How the XML Sitemap Generator Works

This tool creates a valid XML sitemap file for your website in two ways:

  1. Crawl mode — enter your website URL and the tool crawls your site, following internal links to discover up to 500 pages. It automatically skips noindex pages, non-canonical URLs, and non-HTML resources like images and PDFs.
  2. Manual mode — paste a list of URLs you want in the sitemap. Useful when you know exactly which pages to include, or when your site requires authentication or has JavaScript-rendered content.
  3. Set metadata — choose default priority (0.0–1.0), change frequency, and whether to include today's date as lastmod. These optional fields give search engines hints about your content.
  4. Review and edit — after generation, review the URL list. Uncheck any pages you want to exclude. The XML preview updates in real time.
  5. Download — download the sitemap.xml file and place it in your website's root directory. Then submit it via Google Search Console and reference it in your robots.txt file.
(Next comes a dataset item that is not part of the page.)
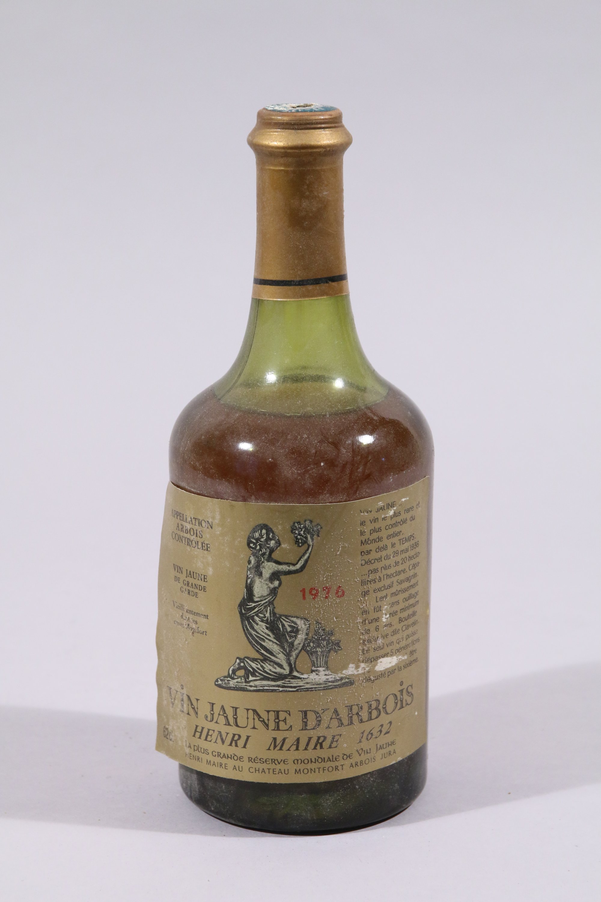 ARBOIS, Vin jaune d'Arbois, Henri Maire 1632, 1976, 1 bouteille, 4 cm, étiquette décollée.

Why XML Sitemaps Matter for SEO

An XML sitemap is one of the most fundamental files in technical SEO. Here's why it matters:

  • Faster discovery — new pages can take days or weeks to be found through link crawling alone. A sitemap tells search engines exactly where to look, reducing discovery time significantly.
  • Better crawl efficiency — search engines allocate a crawl budget to each site. A sitemap helps them prioritize your important pages instead of wasting budget on low-value URLs.
  • Essential for large sites — websites with thousands of pages, complex navigation, or thin internal linking benefit the most from sitemaps. Google explicitly recommends sitemaps for sites over 500 pages.
  • Lastmod signals recrawling — when you update a page and reflect it in your sitemap's lastmod date, search engines know to recrawl that page sooner. This is especially useful for time-sensitive content.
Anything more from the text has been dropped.